DATA EXTRACT:
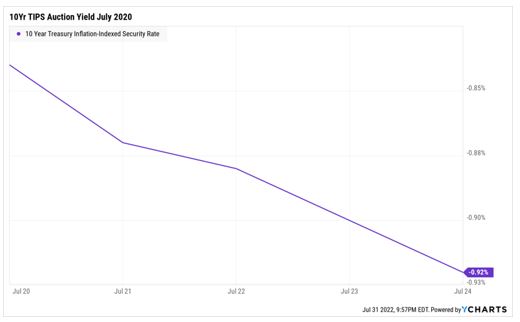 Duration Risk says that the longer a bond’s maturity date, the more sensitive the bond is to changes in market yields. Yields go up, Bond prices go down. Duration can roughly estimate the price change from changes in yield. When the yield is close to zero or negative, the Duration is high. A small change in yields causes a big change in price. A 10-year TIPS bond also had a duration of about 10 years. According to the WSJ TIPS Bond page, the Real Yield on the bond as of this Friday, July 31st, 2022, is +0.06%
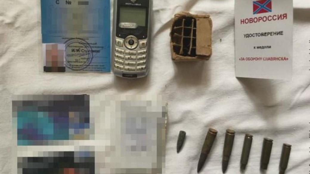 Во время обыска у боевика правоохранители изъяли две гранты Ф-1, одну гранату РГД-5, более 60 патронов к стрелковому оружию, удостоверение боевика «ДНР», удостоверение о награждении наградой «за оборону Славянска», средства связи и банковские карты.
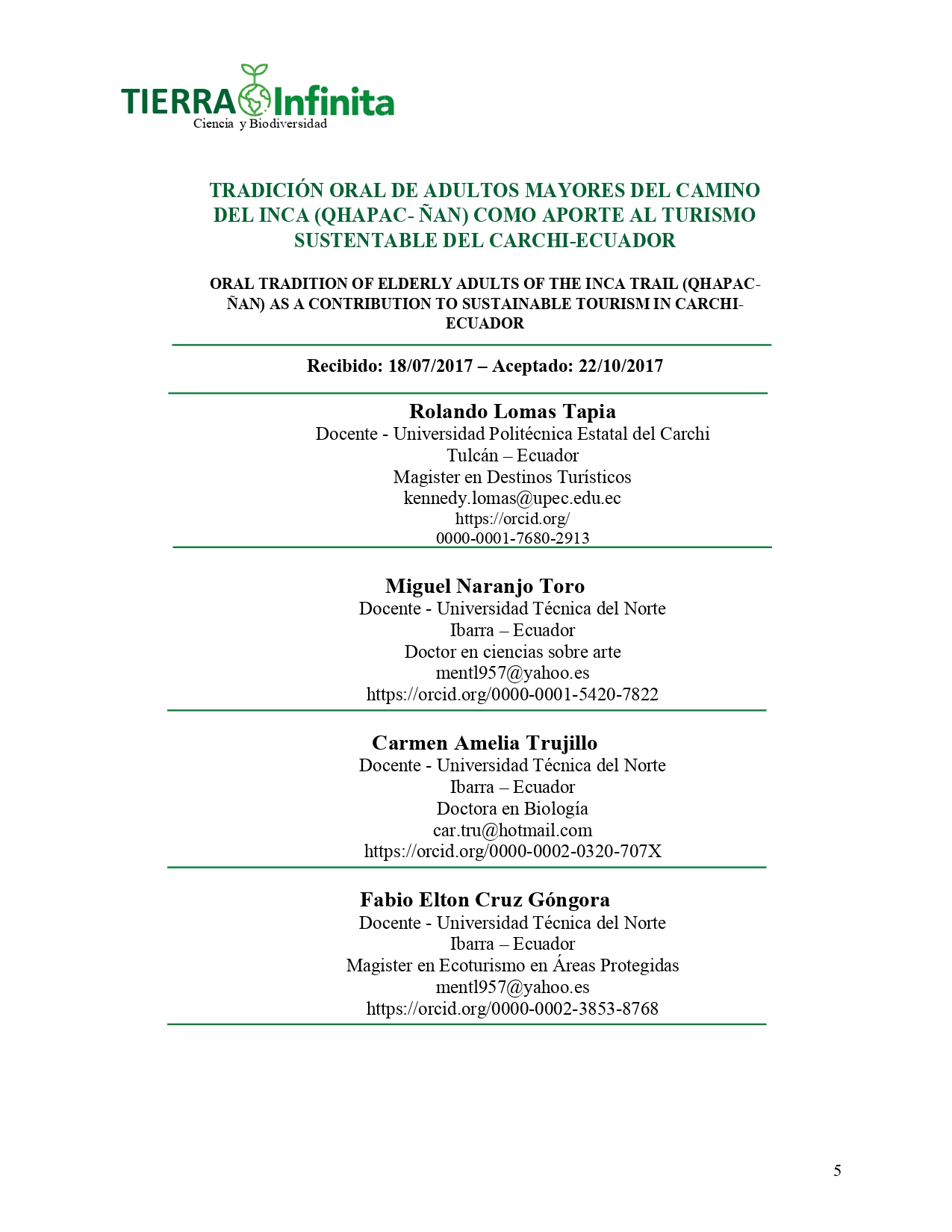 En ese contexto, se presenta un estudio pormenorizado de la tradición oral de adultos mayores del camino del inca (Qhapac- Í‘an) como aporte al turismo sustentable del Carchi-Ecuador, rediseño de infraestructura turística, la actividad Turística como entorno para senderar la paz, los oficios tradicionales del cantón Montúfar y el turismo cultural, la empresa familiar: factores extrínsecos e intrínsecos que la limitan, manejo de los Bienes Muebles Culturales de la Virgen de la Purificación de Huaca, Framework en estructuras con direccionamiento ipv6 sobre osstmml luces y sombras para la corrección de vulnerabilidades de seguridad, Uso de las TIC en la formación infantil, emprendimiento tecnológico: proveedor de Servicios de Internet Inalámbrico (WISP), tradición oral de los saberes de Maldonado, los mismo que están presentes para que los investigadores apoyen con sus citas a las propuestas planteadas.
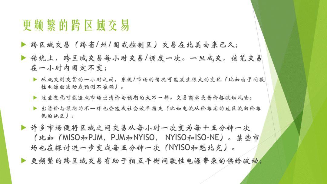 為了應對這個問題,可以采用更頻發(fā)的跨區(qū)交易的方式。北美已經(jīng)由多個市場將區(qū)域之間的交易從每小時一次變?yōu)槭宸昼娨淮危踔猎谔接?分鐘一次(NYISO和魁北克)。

TASK DIRECTIONS: Give the data again exactly as it stands, apart from the pictures.

RESULT OF THE EXERCISE:
 Duration Risk says that the longer a bond’s maturity date, the more sensitive the bond is to changes in market yields. Yields go up, Bond prices go down. Duration can roughly estimate the price change from changes in yield. When the yield is close to zero or negative, the Duration is high. A small change in yields causes a big change in price. A 10-year TIPS bond also had a duration of about 10 years. According to the WSJ TIPS Bond page, the Real Yield on the bond as of this Friday, July 31st, 2022, is +0.06%
 Во время обыска у боевика правоохранители изъяли две гранты Ф-1, одну гранату РГД-5, более 60 патронов к стрелковому оружию, удостоверение боевика «ДНР», удостоверение о награждении наградой «за оборону Славянска», средства связи и банковские карты.
 En ese contexto, se presenta un estudio pormenorizado de la tradición oral de adultos mayores del camino del inca (Qhapac- Í‘an) como aporte al turismo sustentable del Carchi-Ecuador, rediseño de infraestructura turística, la actividad Turística como entorno para senderar la paz, los oficios tradicionales del cantón Montúfar y el turismo cultural, la empresa familiar: factores extrínsecos e intrínsecos que la limitan, manejo de los Bienes Muebles Culturales de la Virgen de la Purificación de Huaca, Framework en estructuras con direccionamiento ipv6 sobre osstmml luces y sombras para la corrección de vulnerabilidades de seguridad, Uso de las TIC en la formación infantil, emprendimiento tecnológico: proveedor de Servicios de Internet Inalámbrico (WISP), tradición oral de los saberes de Maldonado, los mismo que están presentes para que los investigadores apoyen con sus citas a las propuestas planteadas.
 為了應對這個問題,可以采用更頻發(fā)的跨區(qū)交易的方式。北美已經(jīng)由多個市場將區(qū)域之間的交易從每小時一次變?yōu)槭宸昼娨淮危踔猎谔接?分鐘一次(NYISO和魁北克)。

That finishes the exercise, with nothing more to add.